Passenger and cargo ship

SS Hebrides was a passenger and cargo ship which operated in the Western Isles of Scotland. Built in 1898 for John McCallum, it became part of the fleet of David MacBrayne, serving St Kilda until 1955.

==History==
Hebrides was the only cargo ship owned by John McCallum. Built in 1898, she had passenger cabins and also offered leisurely summer cruises round the Western Isles. She was re-boilered in 1937. Taken over by MacBrayne's in 1948, she survived in their fleet until the arrival of Loch Ard in 1955.

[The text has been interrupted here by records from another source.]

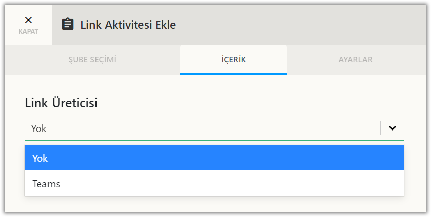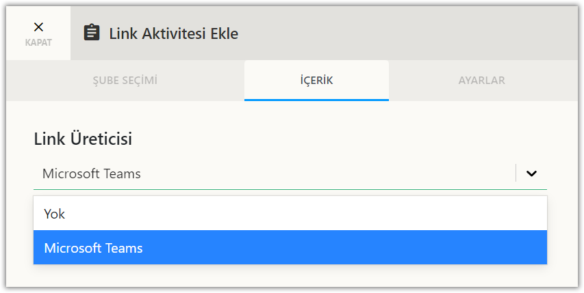 | Link aktivitesi Microsoft teams toplantısı ekleme penceresinde şube seçimi, içerik ve ayarlar sekmeleri bulunur. Microsoft Teams toplantısı oluşturmadan aktivite ayarlarına erişemezsiniz. Link aktivitesi Microsoft teams toplantısı içerik sekmesinde; * URL bağlantısı toplantı oluşturduğunuzda otomatik eklenir. * Aktivite ismi toplantı oluşturduğunuzda otomatik eklenir. * Aktivite açıklaması toplantı oluşturduğunuzda otomatik eklenir. * Zamanlama bölümünde yeni ekleyeceğiniz aktivitenin görünürlüğünü haftaya göre (Hafta Seçimi), tarihe göre (Tarih Seçimi) ve aktivite bitirme durumuna (Aktivite ve Saat Seçimi) göre seçin. * Aktivite bitirme kriteri bölümünde aktivitenin tamamlanma durumunu görüntüleme olarak seçin. * Devam Et düğmesine tıklayın. Ayarlar sekmesine geçiş yaptınız. |
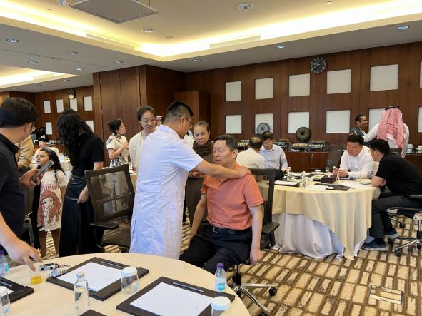 在沙期間,中醫(yī)團(tuán)與中國駐沙特阿拉伯大使館進(jìn)行了工作交流;拜訪了拉希德家族企業(yè)的Inaya醫(yī)學(xué)院和吉達(dá)市長家族企業(yè)NESMA,圍繞陜西中醫(yī)藥在沙特發(fā)展進(jìn)行了探討交流;走訪了沙特阿拉伯陜西商會和吉達(dá)華人商會等華僑華人社團(tuán),聽取他們對中醫(yī)藥出海的意見建議,并組織開展了中醫(yī)暖僑及文化交流活動。
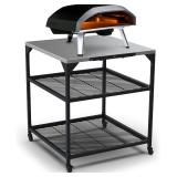 - STYLISH: A stylish outdoor cooking table, made of robust powder-coated carbon steel and two height- adjustable shelves for keeping ingredients and pizza dough at the ready.
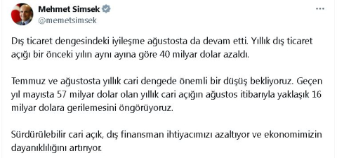 ANKARA, (DHA)- HAZİNE ve Maliye Bakanı Mehmet Şimşek, temmuz ve ağustosta yıllık cari dengede önemli düşüş beklendiğini, geçen yıl mayısta 57 milyar dolar olan yıllık cari açığın ağustos itibarıyla yaklaşık 16 milyar dolara gerilemesinin öngörüldüğünü açıkladı.Bakan Şimşek, sosyal medya hesabından yaptığı açıklamada, "Dış ticaret dengesindeki iyileşme ağustosta da devam etti. Yıllık dış ticaret açığı bir önceki yılın aynı ayına göre 40 milyar dolar azaldı. Temmuz ve ağustosta yıllık cari dengede önemli bir düşüş bekliyoruz. Geçen yıl mayısta 57 milyar dolar olan yıllık cari açığın ağustos itibarıyla yaklaşık 16 milyar dolara gerilemesini öngörüyoruz. Sürdürülebilir cari açık, dış finansman ihtiyacımızı azaltıyor ve ekonomimizin dayanıklılığını artırıyor" ifadelerini kullandı. (DHA)

Hebrides was scrapped at Smith & Company, Port Glasgow. The ship's bell was in the foyer of the Harris Hotel, Tarbert for 20 years and is now on display in the lounge of the present Caledonian MacBrayne ferry .

==Service==
John McCallum operated his own routes in the area generally covered by MacBraynes. Hebrides provided a service to St Kilda. During the Second World War, she was chartered to MacBraynes, sailing between Oban and Tiree. She assisted at the evacuation of Soay and took part in a similar duty at St Kilda. In her final years, she carried cargo and livestock only on her old route from Glasgow, on alternate runs with Loch Frisa.